Objectives

The objective of this assignment is to explore implementations of Polynomial Multiplication. Record the performance of your programs on a Fish machine (Anchovy to Wahoo in the machines list), and experimentally determine the gains you get with 1-8 threads.

Download and untar PA3.tar. You should not need to update the Makefile. Do not set the number of threads in the program, set it at the Linux OS level (using the export or setenv command). Otherwise we cannot run your program for different numbers of threads. Write your report in pdf format.

The following two sequential programs have been implemented for you.

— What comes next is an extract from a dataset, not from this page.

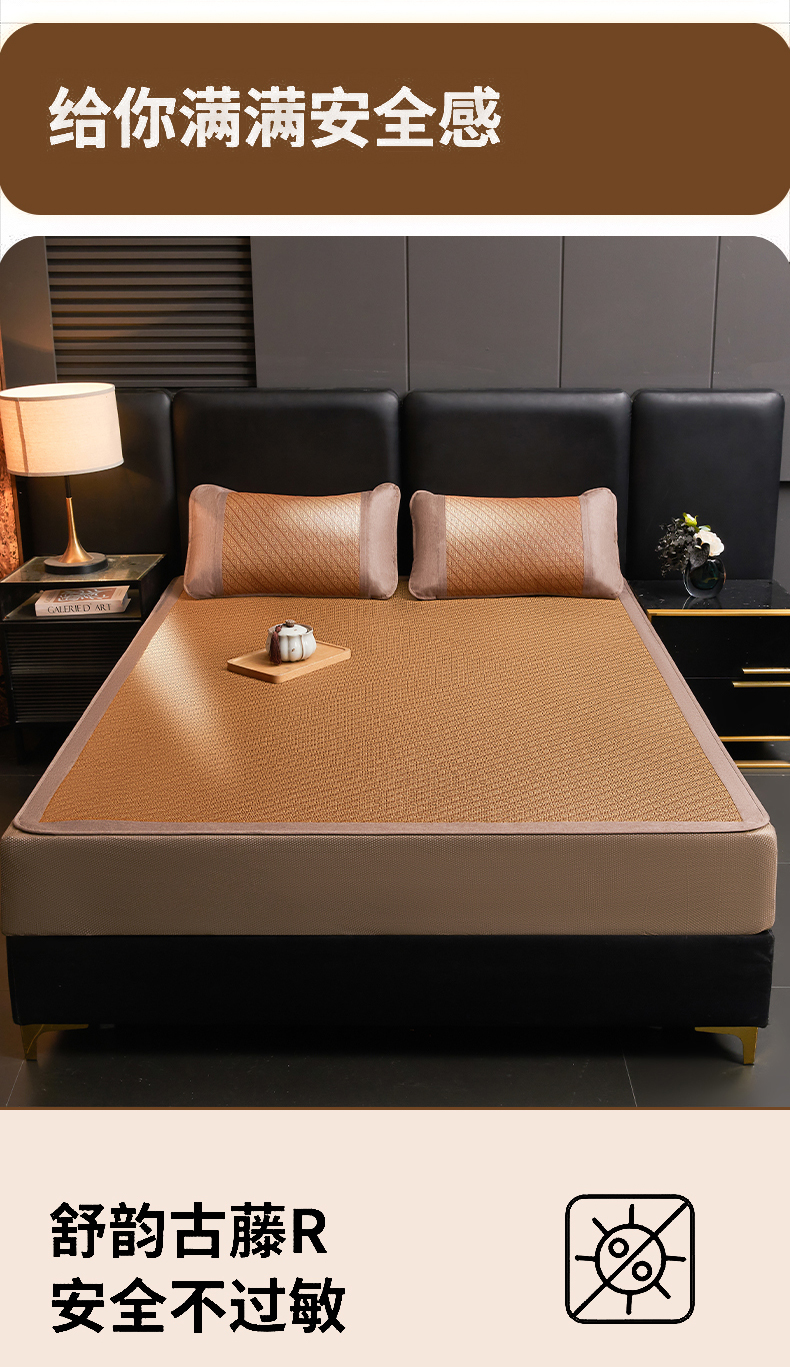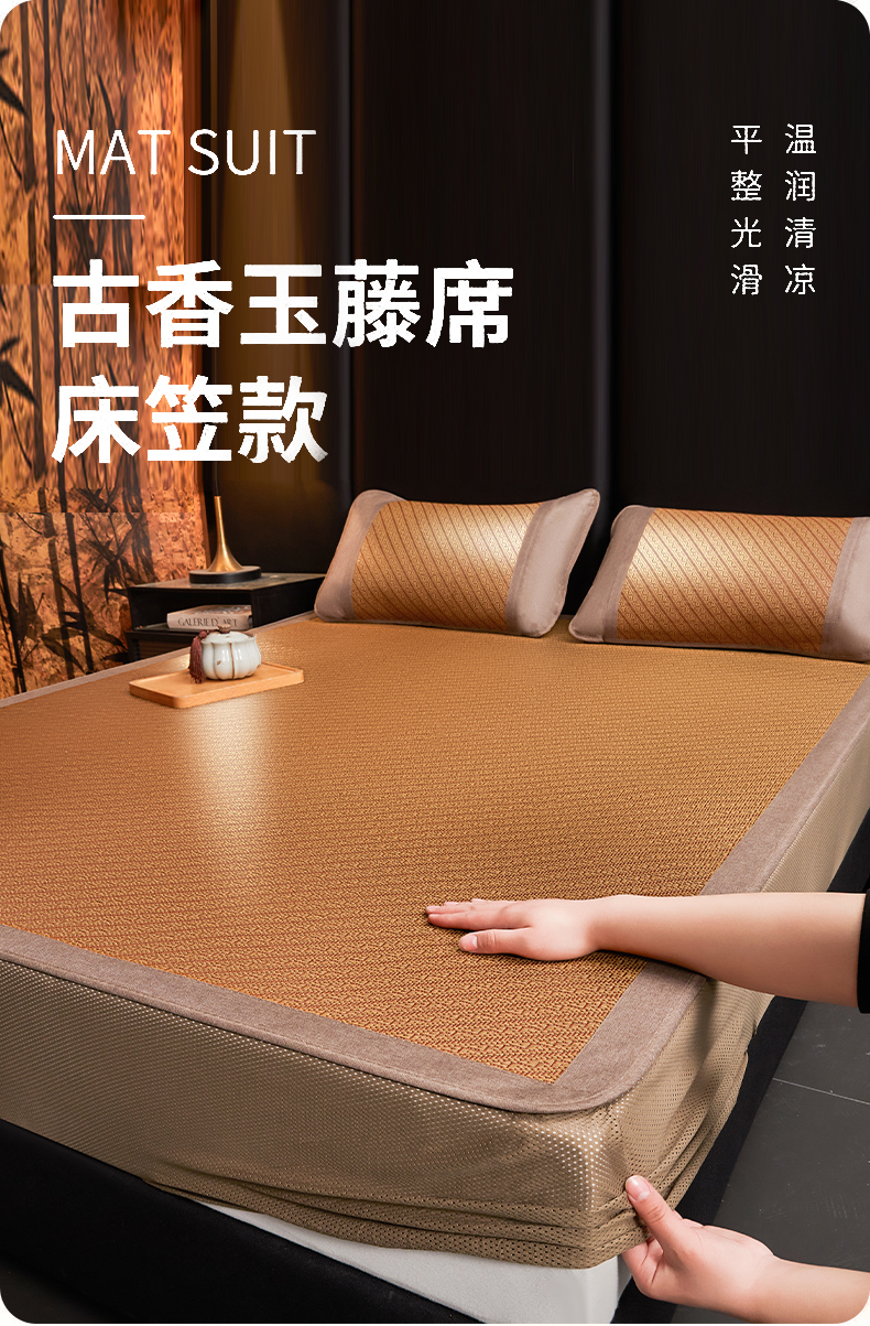 当前位置: 91家纺网 > 商品网购 > 床上用品 > 凉席 > 藤席 > 绒艺席业 2026新款加密古香玉床笠款藤席凉席席子 藤悦

  • [PolyMultGSQ] (Grade School Quadratic) This is the naive implementation of Polynomial Multiplication.
  • [PolyMultGold] This (sequential) implementation includes all of the optimizations up to PolyMultBLQ. It is only provided as a binary. Use it as a benchmark against which to compare your programs.
You will need to implement the following programs.
  • [PolyMultINQ] (Inverted Quadratic)
    • Invert the inner and outer loops of both computational loops from the PolyMultGSQ implementation.
    • Hint: once the loops have been inverted you can condense the computation into a single double for loop.
    • Explore loop parallelism. Report the optimal strategy and number of threads.
  • [PolyMultOPQ] (Outer Product Quadratic)
    • Rewrite PolyMultGSQ to use a square iteration space (as shown in lecture).
    • Explore loop parallelism. Report the optimal strategy and number of threads.
  • [PolyMultBLQ] (Blocked Quadratic)
    • Block both the inner and outer loops from PolyMultOPQ.
    • Use the same parameter (tune1) to set the block size for each loop.
    • Explore loop parallelism. Report the optimal strategy, number of threads, and block size.
  • [PolyMultDCQ] (Divide and Conquer Quadratic)
    • Rewrite polyMultOPQ to use the divide and conquer strategy presented in lecture.
    • Use tune2 to set the minimum leaf size.
    • Explore task parallelism and test the use of different non recursive algorithms in the leafs (e.g. PolyMult{INQ,OPQ,BLQ}). Determine and report which configuration gives you the best performance.

Report

  • Include the details from the explore steps in each of the programs above.
  • When measuring speedup and finding optimal tuning parameters use a degree of 65535 (2^16-1)
  • Justify the optimal design and configuration of each program with either experimental evidence or design principles from this class (for some programs you may need to use both).
  • For each parallelization, report speedup on 1-8 threads, using the speedup equation from the lecture/book.
  • As always, report the details of the machine where you are running your tests.

Submission

Submit a PA3.tar file through Checkin. Create this file by using the rule for PA3.tar in the provided Makefile. (This will ensure that your project has the correct directory structure.)

Testing

  • Your executables must be named PolyMult{INQ,OPQ,BLQ,DCQ}.{time,time-par,check,check-rand,check-par} (you should not need to edit the Makefile).
  • Do not change the format and the order of printing statements. Example:
    $ ./bin/PolyMultGSQ.time 65536
    Execution time for Current:   3.266627 sec.
    Execution time for Gold:  1.038377 sec.
    $ ./bin/PolyMultGSQ.time-par 65536
    Execution time for Current:   3.273981 sec.
    Execution time for Gold:  1.040758 sec.
    $ ./bin/PolyMultGSQ.check 65536
    The total number of errors is 0
    $ ./bin/PolyMultGSQ.check-rand 65536
    The total number of errors is 0
    $ ./bin/PolyMultGSQ.check-par 65536
    The total number of errors is 0
          

Good luck and have fun!